Reply

Re: Routers dropping characters in their log file?

Donth
Aspirant

Routers dropping characters in their log file?

I have my logs mailed to me on a regular basis and scan them.  

Every once in a while, the log file text is becoming corrupt and drops characters.  

 

For example:

 

[DoS Attack: RST Scn] rmsuc:2524.175.102, port 80, Tuesday, April 24, 2018 13:23:46
[DoS Attack: RST Scan] from source: 205.234.175.102, port 80, Tuesday, April 24, 2018 13:23:33

This is obviously the same message with dropped characters.  The top line should read

"[Dos Attack: RST Scan] from source: 205.234.175.102, port 80 Tuesday April 24, 2018 13:23:46"

 

It happens on a regular basis.  And the characters drop on a random occurance.  So what's going on here?  It's worth investigating because it suggest memory or NAND corruption.  A simple log file readback after write will verify the log file and if it doesn't match you can trap the code to stop and examine what happened.



Model: R7800|Nighthawk X4S AC2600 WiFi Router
Message 1 of 9
schumaku
Guru

Re: Routers dropping characters in their log file?

Same issue in the log when viewed on the router itself?

Message 2 of 9
IrvSp
Master

Re: Routers dropping characters in their log file?

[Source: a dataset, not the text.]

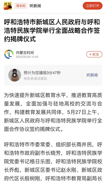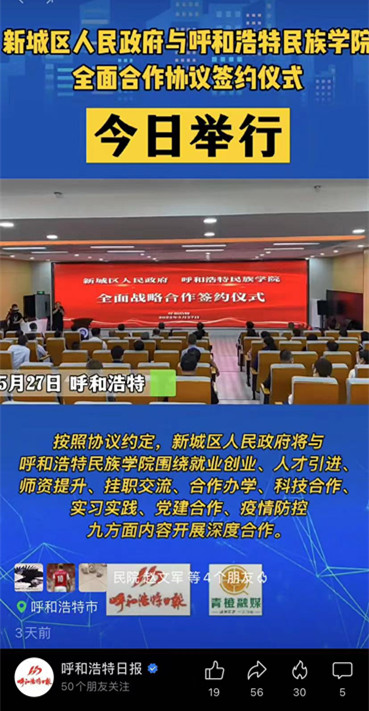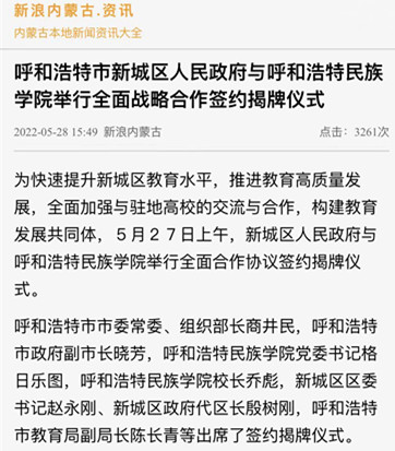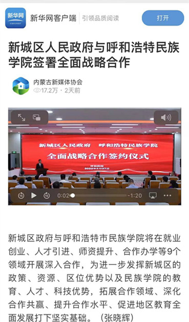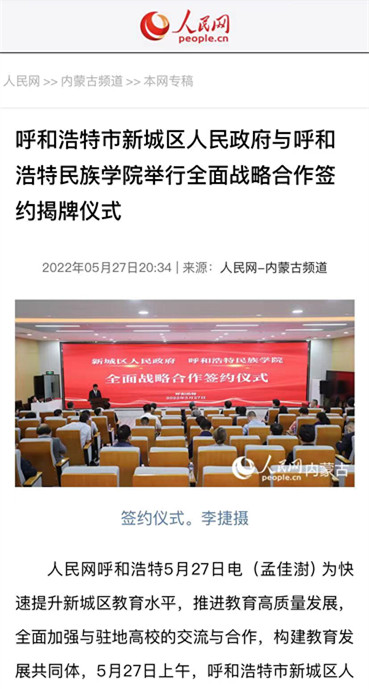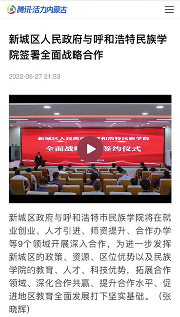 多家媒体广泛报道365英国上市公司与新城区人民政府签署全面战略合作框架协议 2022-06-01 党政办公室 学校官网 5月27日上午,新城区人民政府与365英国上市公司签署全面战略合作框架协议。人民网、新华网、草原客户端、内蒙古新闻网、呼和浩特日报等主流媒体进行了跟踪报道。新浪新闻、腾讯新闻、搜狐新闻等多家媒体进行了转载报道。媒体的广泛关注,进一步扩大了365英国上市公司的知名度、美誉度。 人民网 新华网 央视频 内蒙古综合新闻网 草原客户端 正北方网 北方新报 内蒙古社区报 蒙马财经 呼和浩特日报 呼和浩特日报视频号 青橙融媒 新浪网 搜狐网 腾讯网 打印 收藏

I've seen this on my old R7000 and R8000 I now use. Right now I can't locate it in my e-mailed logs? I'm wondering if I only saw it on the LOG tab on the browser?

 

I've always seen near other entries seconds apart, so I attributed them to the router being busy?

 

Ahh, did find it, I posted it to THIS THREAD, msg 30:

 

[USB device attached] The USB storage device WD 10EADS External (USB_ROUTER) is attached to the rou Friday, Apr 20,2018 15:42:07
[USB device detached] The USB storage device WD 10EADS External (USB_ROUTER) is removed from the ro Friday, Apr 20,2018 15:41:41

 

'ro' should be router.

 

There are other entries there with the other errors in the  message, like in message 22:

 

[USB device attached] The USB storage device WD 10EADS External (USB_ROUTER) is attached to the  Wednesday, Apr 18,2018 10:15:07
[USB device detached] The USB storage device WD 10EADS External (USB_ROUTER) is removed from the Wednesday, Apr 18,2018 10:14:53

 

'router' missing in both.

 

It seems since I rebooted that hasn't happened again (corruption I mean as I have many messages like the above in logs from later dates).

Message 3 of 9
schumaku
Guru

Re: Routers dropping characters in their log file?

@IrvS wrote:

 

...

I've always seen near other entries seconds apart, so I attributed them to the router being busy?

 

[USB device attached] The USB storage device WD 10EADS External (USB_ROUTER) is attached to the rou Friday, Apr 20,2018 15:42:07
[USB device detached] The USB storage device WD 10EADS External (USB_ROUTER) is removed from the ro Friday, Apr 20,2018 15:41:41

 

'ro' should be router.

 

There are other entries there with the other errors in the  message, like in message 22:

 

[USB device attached] The USB storage device WD 10EADS External (USB_ROUTER) is attached to the  Wednesday, Apr 18,2018 10:15:07
[USB device detached] The USB storage device WD 10EADS External (USB_ROUTER) is removed from the Wednesday, Apr 18,2018 10:14:53

 

'router' missing in both.

 

It seems since I rebooted that hasn't happened again (corruption I mean as I have many messages like the above in logs from later dates).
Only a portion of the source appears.